:: Work instructions ::
Pictures stay out. Everything else in the entries is copied exactly.
|---|
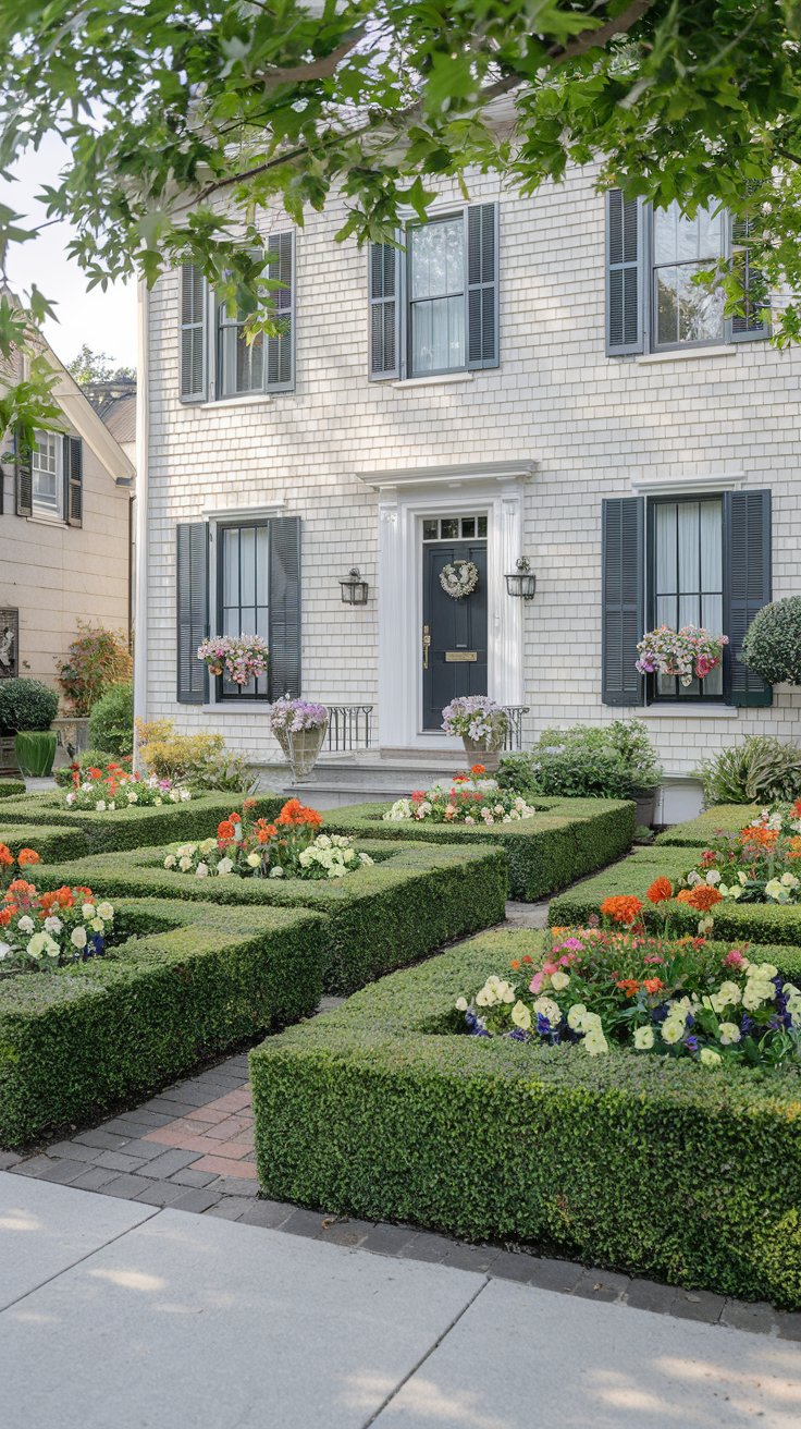 Create a polished look with symmetrical boxwood hedges framing colorful flower beds. Add a small pathway leading to the front door for a timeless, classic garden design.
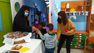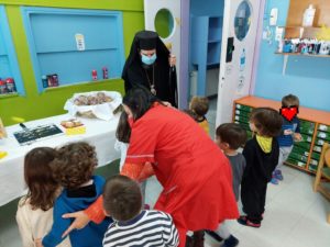 Ο Σεβασμιώτατος κ. Παντελεήμων μίλησε στα παιδιά και τους εξήγησε το έθιμο της Βασιλόπιττας, το έργο και τον βίο του Αγίου Βασιλείου και ευχήθηκε σε όλους καλή και ευλογημένη χρονιά.
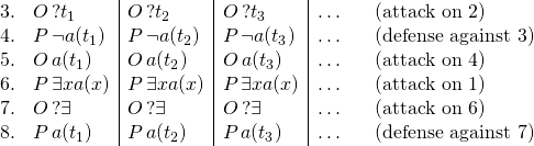 \(\begin{array}{rl|l|l|ll}3. & O\, ?t_1 & O\, ?t_2 & O\, ?t_3 & \ldots\hspace{.85em} & (\text{attack on }2)\\4. & P\, \neg a(t_1) & P\, \neg a(t_2) & P\, \neg a(t_3) & \ldots & (\text{defense against }3)\\ 5. & O\, a(t_1) & O\, a(t_2) & O\, a(t_3) & \ldots & (\text{attack on }4)\\ 6. & P\, \exists x a(x) & P\, \exists x a(x) & P\, \exists x a(x) & \ldots & (\text{attack on }1)\\ 7. & O\, ?\exists & O\, ?\exists & O\, ?\exists & \ldots & (\text{attack on }6)\\ 8. & P\, a(t_1) & P\, a(t_2) & P\, a(t_3) & \ldots & (\text{defense against }7)\end{array}\)
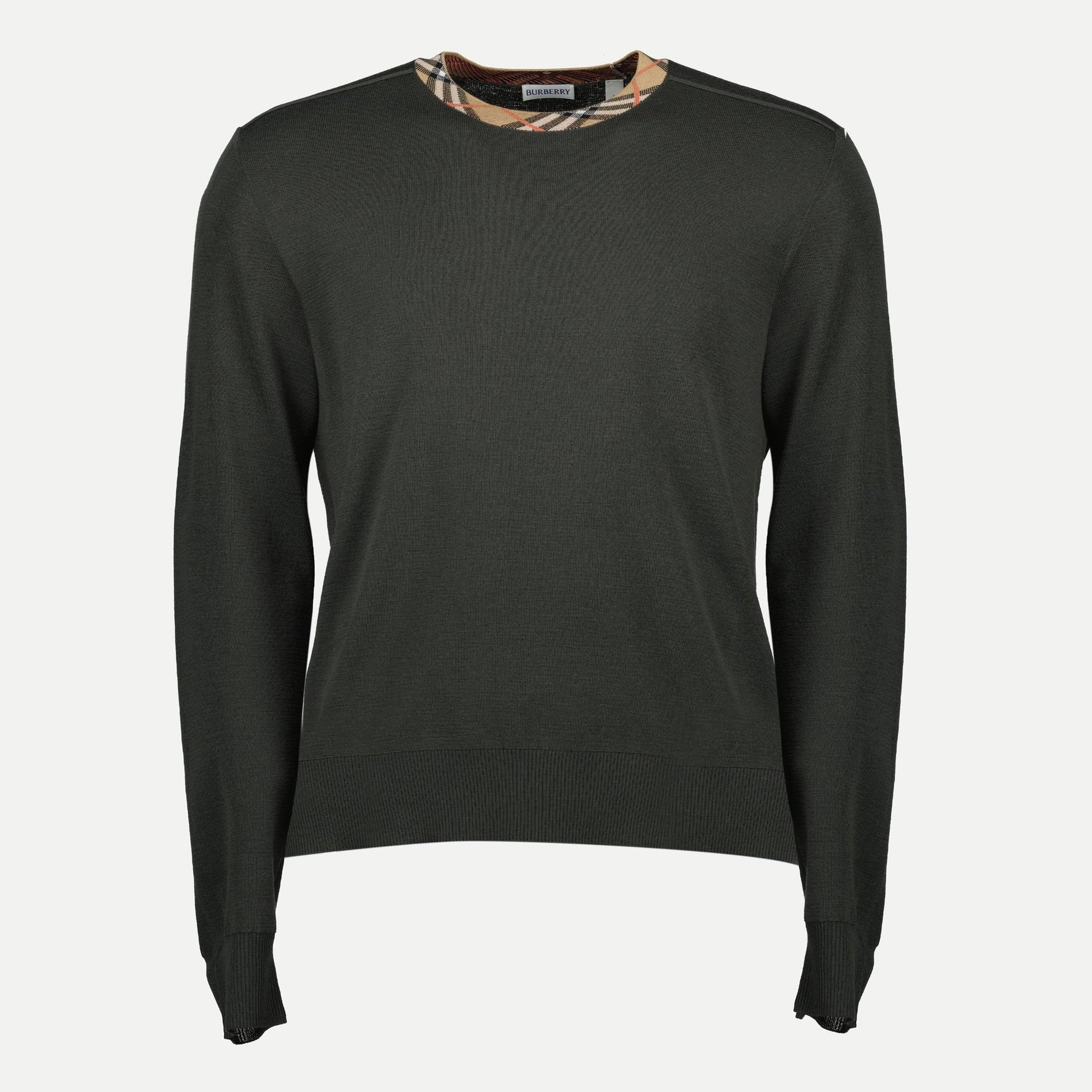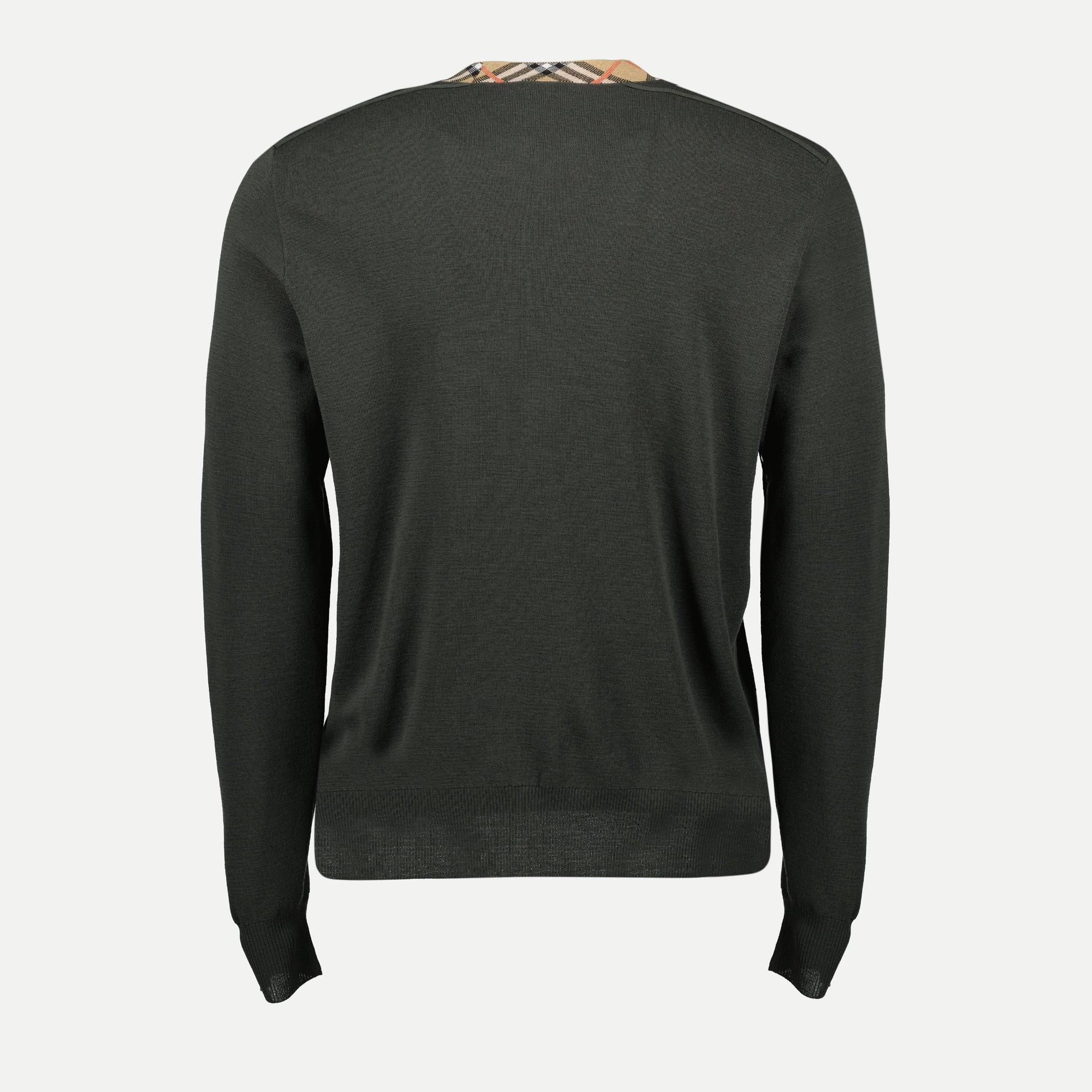 Kaki wool sweater from Burberry for men. This model is part of the Autumn-Winter 2025 collection and features a round neck with Check plaid detail.
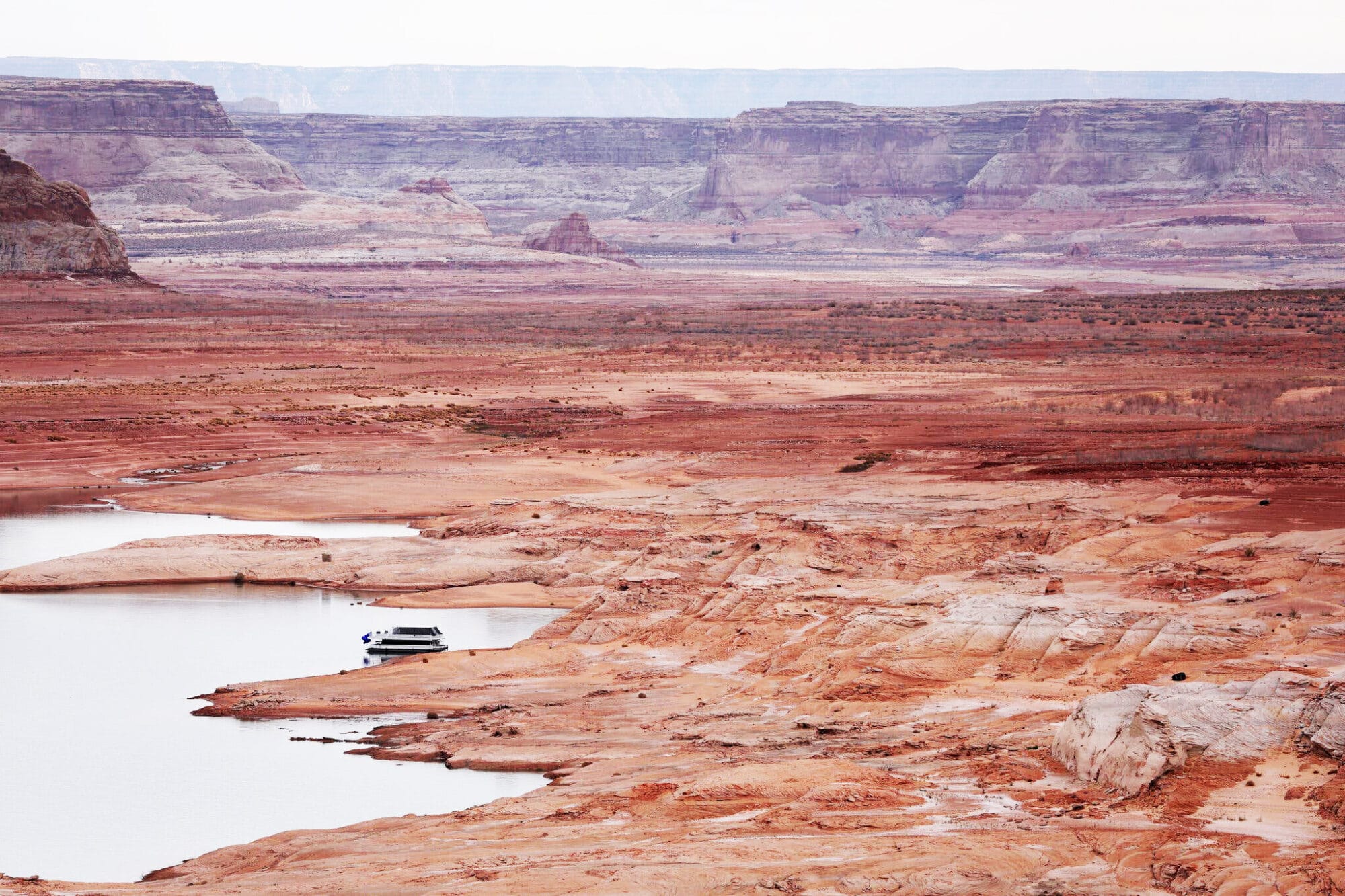 A wide photo of a dry, rocky landscape on the edge of a lake. A lone houseboat floats near the shore. The shore of Lake Powell in Page, Ariz. Along with Lake Mead, it provides water and electricity for Arizona, Nevada and Southern California.Credit || Justin Sullivan/Getty Images
|---|
:: Answer for the task ::
 Create a polished look with symmetrical boxwood hedges framing colorful flower beds. Add a small pathway leading to the front door for a timeless, classic garden design.
 Ο Σεβασμιώτατος κ. Παντελεήμων μίλησε στα παιδιά και τους εξήγησε το έθιμο της Βασιλόπιττας, το έργο και τον βίο του Αγίου Βασιλείου και ευχήθηκε σε όλους καλή και ευλογημένη χρονιά.
 \(\begin{array}{rl|l|l|ll}3. & O\, ?t_1 & O\, ?t_2 & O\, ?t_3 & \ldots\hspace{.85em} & (\text{attack on }2)\\4. & P\, \neg a(t_1) & P\, \neg a(t_2) & P\, \neg a(t_3) & \ldots & (\text{defense against }3)\\ 5. & O\, a(t_1) & O\, a(t_2) & O\, a(t_3) & \ldots & (\text{attack on }4)\\ 6. & P\, \exists x a(x) & P\, \exists x a(x) & P\, \exists x a(x) & \ldots & (\text{attack on }1)\\ 7. & O\, ?\exists & O\, ?\exists & O\, ?\exists & \ldots & (\text{attack on }6)\\ 8. & P\, a(t_1) & P\, a(t_2) & P\, a(t_3) & \ldots & (\text{defense against }7)\end{array}\)
 Kaki wool sweater from Burberry for men. This model is part of the Autumn-Winter 2025 collection and features a round neck with Check plaid detail.
 A wide photo of a dry, rocky landscape on the edge of a lake. A lone houseboat floats near the shore. The shore of Lake Powell in Page, Ariz. Along with Lake Mead, it provides water and electricity for Arizona, Nevada and Southern California.Credit || Justin Sullivan/Getty Images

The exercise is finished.